正在使用的cookie,你可以通过设置Request.meta中的dont_merge_cookies为True来实现。

request_with_cookies = Request(url="http://www.example.com",

                               cookies={'currency': 'USD', 'country': 'UY'},

                               meta={'dont_merge_cookies': True})

encoding(string):请求的编码，默认为utf-8

priority(int):请求的优先级

dont_filter(boolean):指定该请求是否被 Scheduler过滤。该参数可以是request重复使用（Scheduler默认过滤重复请求）。谨慎使用！！

errback(callable):处理异常的回调函数。

属性和方法：

url: 包含request的URL的字符串

method: 代表HTTP的请求方法的字符串，例如'GET', 'POST'...

headers: request的头信息

body: 请求体

meta: 一个dict，包含request的任意元数据。该dict在新Requests中为空，当Scrapy的其他扩展启用的时候填充数据。dict在传输是浅拷贝。

copy(): 拷贝当前Request

replace([url, method, headers, body, cookies, meta, encoding, dont_filter, callback, errback]): 返回一个参数相同的Request，

可以为参数指定新数据。

给回调函数传递数据

当request的response被下载是，就会调用回调函数，并以response对象为第一个参数

def parse_page1(self, response):

    return scrapy.Request("http://www.example.com/some_page.html",

                          callback=self.parse_page2)

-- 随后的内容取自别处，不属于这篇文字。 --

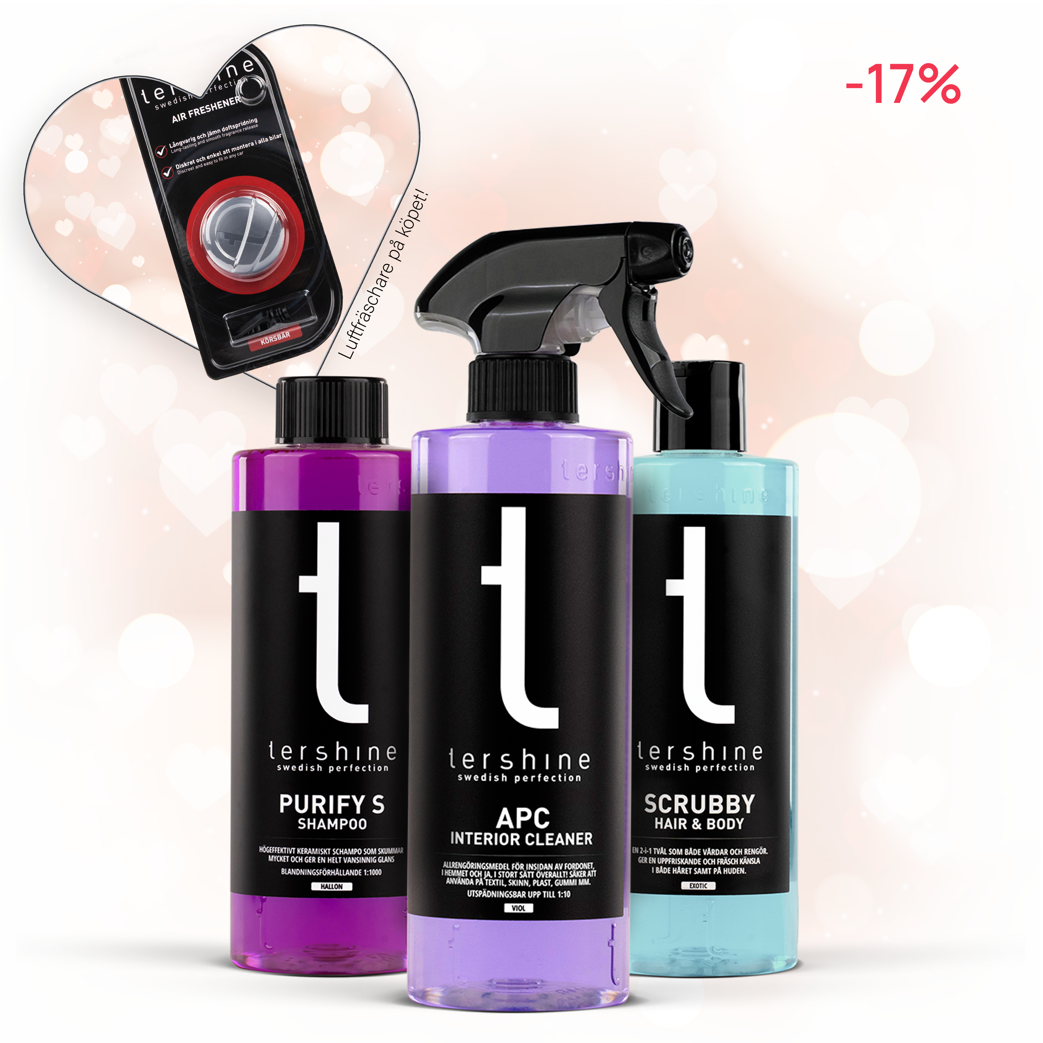 Ge någon du tycker om ett kit för bilens insida, utsida och kroppen. Ett färdigt Alla hjärtans dag-paket där vi skickar med en luftfräschare i valfri doft på köpet!

def parse_page2(self, response):

    # this would log http://www.example.com/some_page.html

    self.logger.info("Visited %s", response.url)

example

在某些情况下，你希望在回调函数们之间传递参数，可以使用Request.meta。（其实有点类似全局变量的赶脚）

def parse_page1(self, response):

    item = MyItem()

    item['main_url'] = response.url

    request = scrapy.Request("http://www.example.com/some_page.html",

                             callback=self.parse_page2)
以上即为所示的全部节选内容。